__Available records__
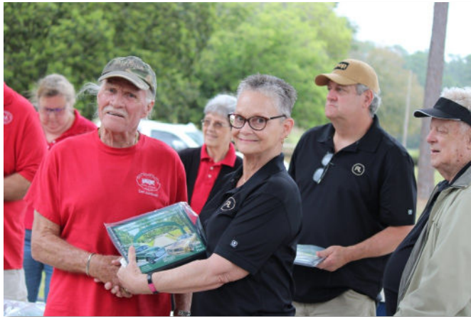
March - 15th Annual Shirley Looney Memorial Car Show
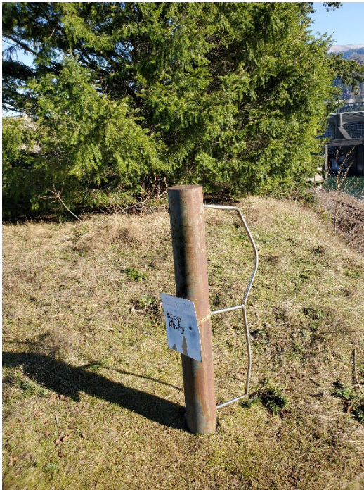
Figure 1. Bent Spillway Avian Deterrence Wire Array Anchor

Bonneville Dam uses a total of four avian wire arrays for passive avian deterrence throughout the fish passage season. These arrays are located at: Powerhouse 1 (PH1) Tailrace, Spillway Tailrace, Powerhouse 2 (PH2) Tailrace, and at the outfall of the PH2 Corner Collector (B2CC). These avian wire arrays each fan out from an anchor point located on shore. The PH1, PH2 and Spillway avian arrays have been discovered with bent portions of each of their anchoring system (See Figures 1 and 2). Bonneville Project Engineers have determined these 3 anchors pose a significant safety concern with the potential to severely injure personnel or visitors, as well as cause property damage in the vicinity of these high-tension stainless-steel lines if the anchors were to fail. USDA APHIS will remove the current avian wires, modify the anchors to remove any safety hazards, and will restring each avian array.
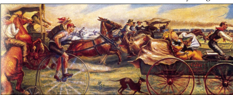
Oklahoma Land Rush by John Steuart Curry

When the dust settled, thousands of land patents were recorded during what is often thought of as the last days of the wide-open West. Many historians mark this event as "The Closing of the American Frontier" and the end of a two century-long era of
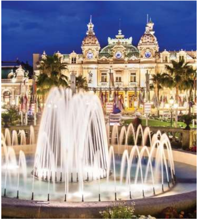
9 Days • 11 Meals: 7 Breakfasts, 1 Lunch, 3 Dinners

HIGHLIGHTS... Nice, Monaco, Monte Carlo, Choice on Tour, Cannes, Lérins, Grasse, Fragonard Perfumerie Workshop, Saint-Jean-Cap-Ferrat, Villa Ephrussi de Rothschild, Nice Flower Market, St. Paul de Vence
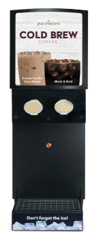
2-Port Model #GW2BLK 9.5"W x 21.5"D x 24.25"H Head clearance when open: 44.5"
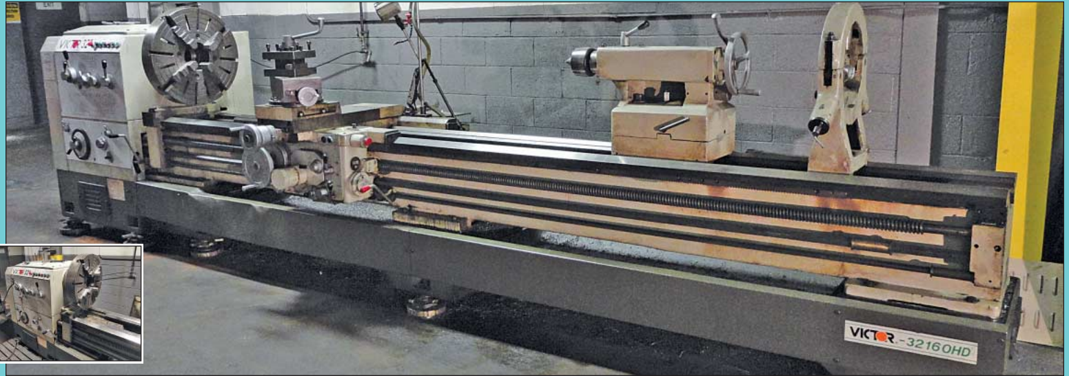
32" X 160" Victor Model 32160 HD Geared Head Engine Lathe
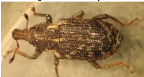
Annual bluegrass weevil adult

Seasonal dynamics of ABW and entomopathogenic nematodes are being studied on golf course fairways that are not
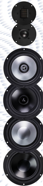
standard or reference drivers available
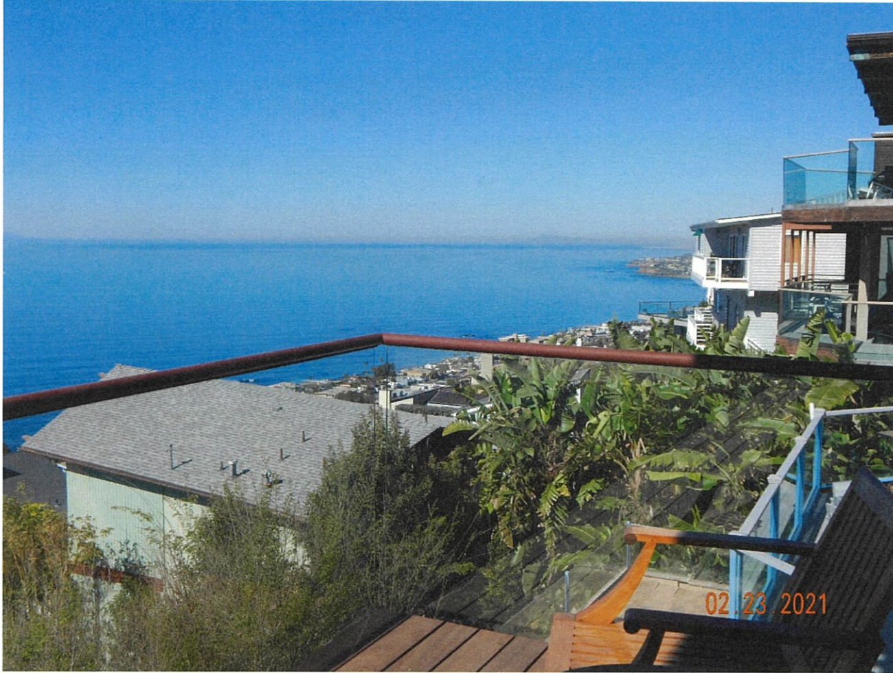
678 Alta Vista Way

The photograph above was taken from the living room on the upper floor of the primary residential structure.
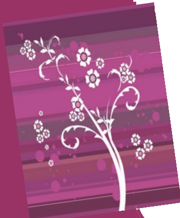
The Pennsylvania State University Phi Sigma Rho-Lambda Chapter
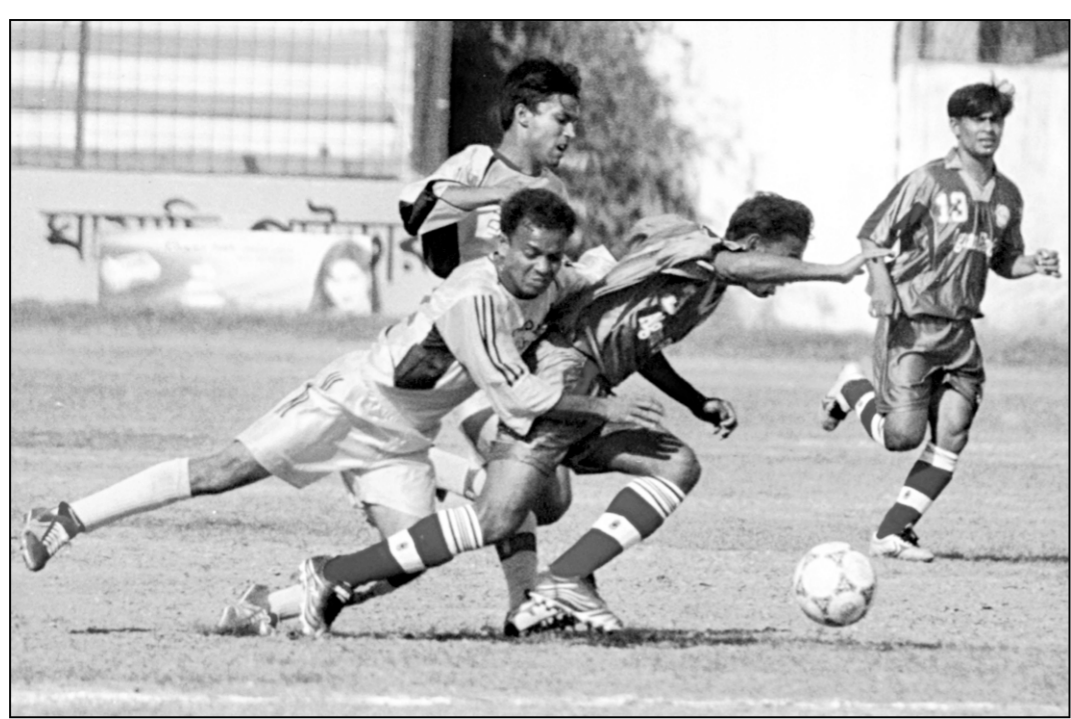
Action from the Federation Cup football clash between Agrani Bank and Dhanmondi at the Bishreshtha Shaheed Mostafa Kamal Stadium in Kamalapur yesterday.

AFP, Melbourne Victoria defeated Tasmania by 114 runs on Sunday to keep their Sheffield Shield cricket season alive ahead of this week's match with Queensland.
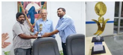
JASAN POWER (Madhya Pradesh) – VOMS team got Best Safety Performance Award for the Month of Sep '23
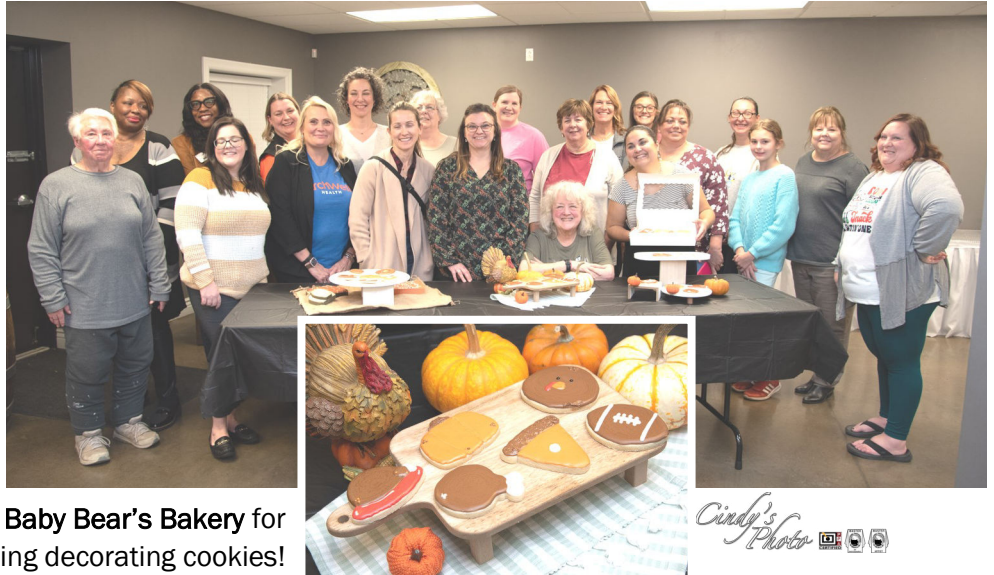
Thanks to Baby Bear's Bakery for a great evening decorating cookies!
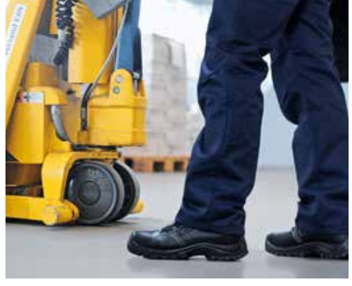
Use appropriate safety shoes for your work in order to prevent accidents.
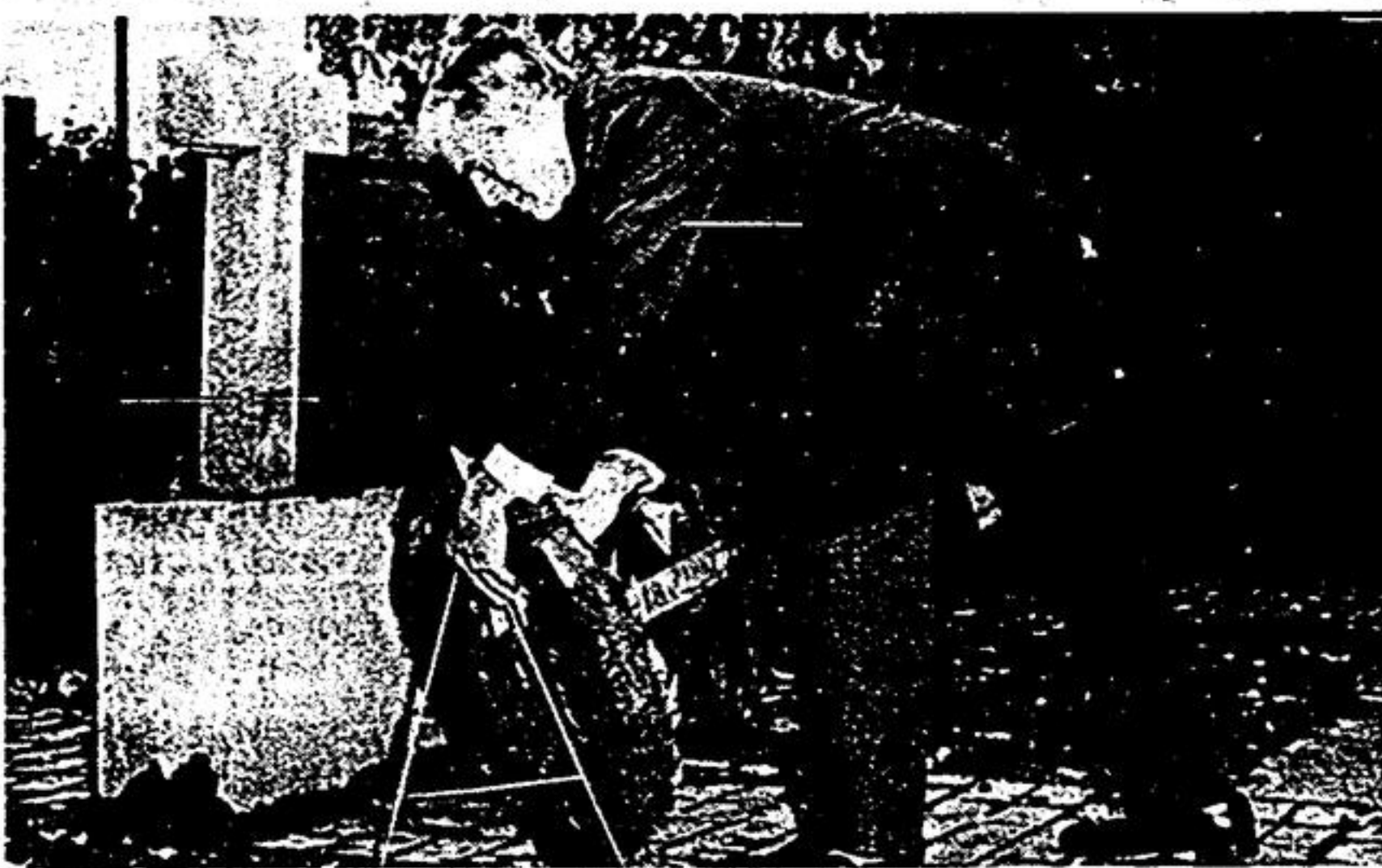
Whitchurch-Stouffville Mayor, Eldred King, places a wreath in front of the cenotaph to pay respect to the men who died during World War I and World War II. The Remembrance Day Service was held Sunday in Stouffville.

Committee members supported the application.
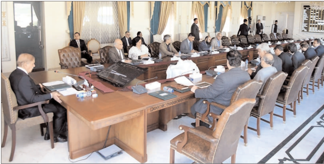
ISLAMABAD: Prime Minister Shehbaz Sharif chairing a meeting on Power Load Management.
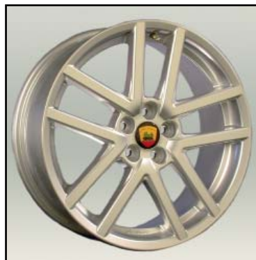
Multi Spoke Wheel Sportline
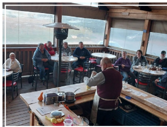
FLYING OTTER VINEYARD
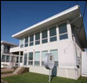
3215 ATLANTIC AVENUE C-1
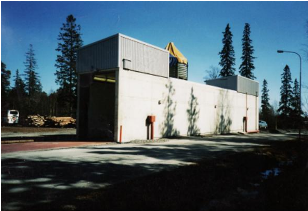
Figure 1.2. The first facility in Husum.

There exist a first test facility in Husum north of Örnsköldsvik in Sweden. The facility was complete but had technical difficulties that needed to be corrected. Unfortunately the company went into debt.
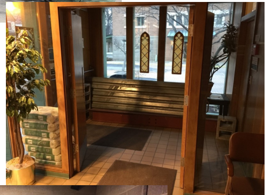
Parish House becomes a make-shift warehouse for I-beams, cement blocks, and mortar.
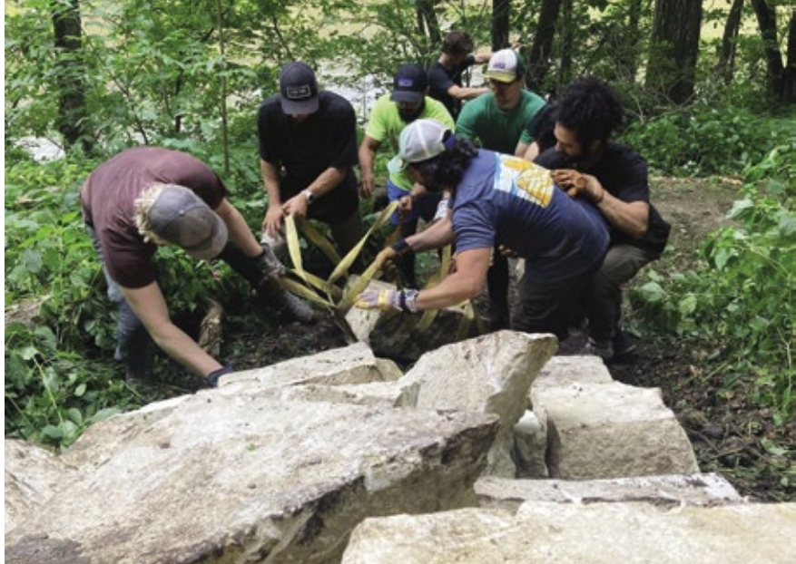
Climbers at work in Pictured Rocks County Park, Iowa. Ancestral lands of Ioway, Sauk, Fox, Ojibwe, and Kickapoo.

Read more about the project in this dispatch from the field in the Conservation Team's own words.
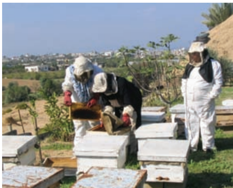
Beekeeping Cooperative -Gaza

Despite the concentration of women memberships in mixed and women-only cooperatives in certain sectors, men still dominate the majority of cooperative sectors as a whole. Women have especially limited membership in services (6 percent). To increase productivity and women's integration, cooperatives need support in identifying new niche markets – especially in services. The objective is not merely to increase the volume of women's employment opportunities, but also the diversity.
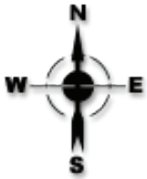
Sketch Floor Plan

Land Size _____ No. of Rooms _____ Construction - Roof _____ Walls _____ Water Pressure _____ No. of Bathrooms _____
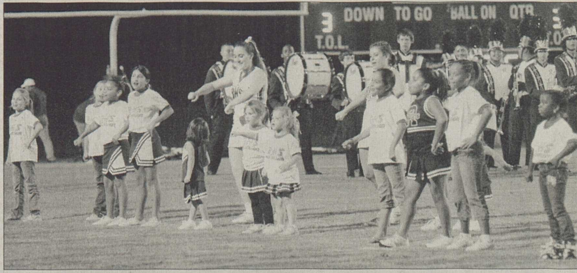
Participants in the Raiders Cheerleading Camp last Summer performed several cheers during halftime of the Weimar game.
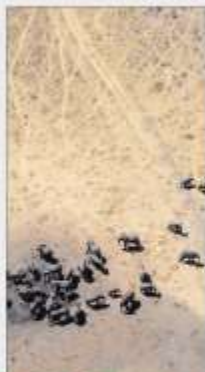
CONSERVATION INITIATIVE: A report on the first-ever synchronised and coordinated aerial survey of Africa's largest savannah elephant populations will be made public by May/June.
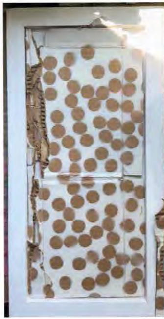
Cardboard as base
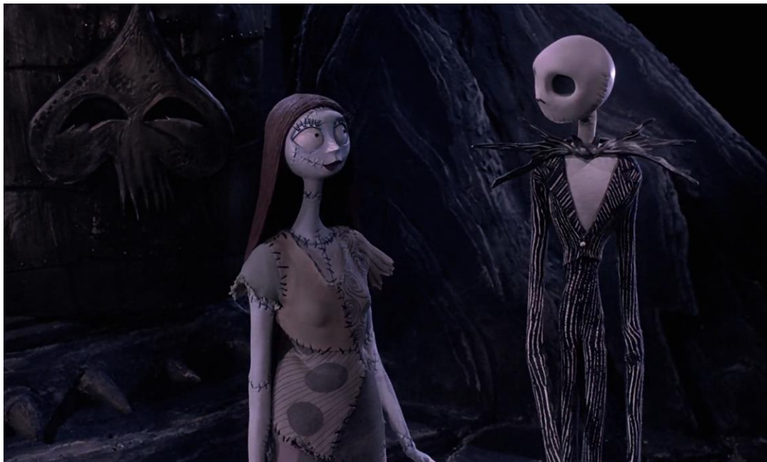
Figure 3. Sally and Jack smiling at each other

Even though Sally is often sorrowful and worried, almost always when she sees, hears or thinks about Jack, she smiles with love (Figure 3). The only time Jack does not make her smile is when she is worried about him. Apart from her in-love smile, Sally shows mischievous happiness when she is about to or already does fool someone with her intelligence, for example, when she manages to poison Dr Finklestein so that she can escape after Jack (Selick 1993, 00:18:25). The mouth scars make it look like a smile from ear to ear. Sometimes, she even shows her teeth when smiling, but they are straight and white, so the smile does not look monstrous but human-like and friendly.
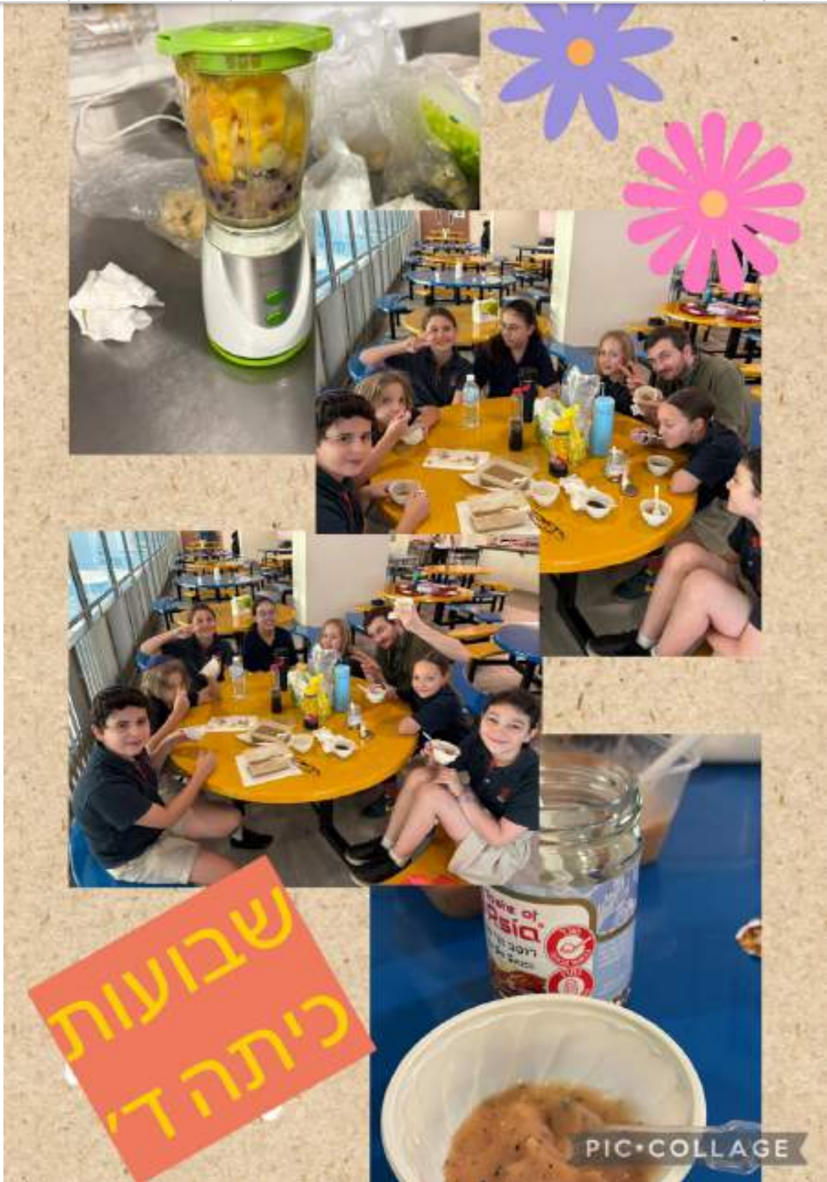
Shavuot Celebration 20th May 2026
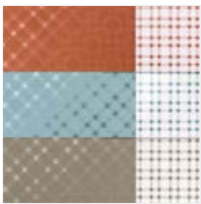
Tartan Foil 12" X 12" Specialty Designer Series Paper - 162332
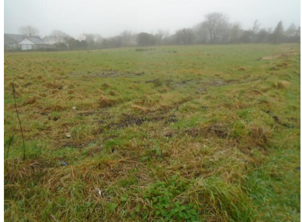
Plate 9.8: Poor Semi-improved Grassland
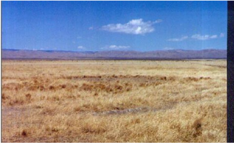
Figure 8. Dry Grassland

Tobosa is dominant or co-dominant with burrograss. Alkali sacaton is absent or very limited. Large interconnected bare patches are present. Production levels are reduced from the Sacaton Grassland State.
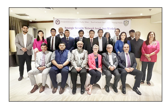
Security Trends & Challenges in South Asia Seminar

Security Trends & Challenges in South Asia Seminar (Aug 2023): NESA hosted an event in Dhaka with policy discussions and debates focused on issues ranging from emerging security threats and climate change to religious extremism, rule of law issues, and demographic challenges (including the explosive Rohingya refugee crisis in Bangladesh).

__Required action__
Using the entries above, write out exactly the lines from the one with "CONSERVATION INITIATIVE: A" through the one with "Figure 3. Sally", ends included. Leave out any pictures.

__Answer for this exercise__
CONSERVATION INITIATIVE: A report on the first-ever synchronised and coordinated aerial survey of Africa's largest savannah elephant populations will be made public by May/June.
Cardboard as base
Figure 3. Sally and Jack smiling at each other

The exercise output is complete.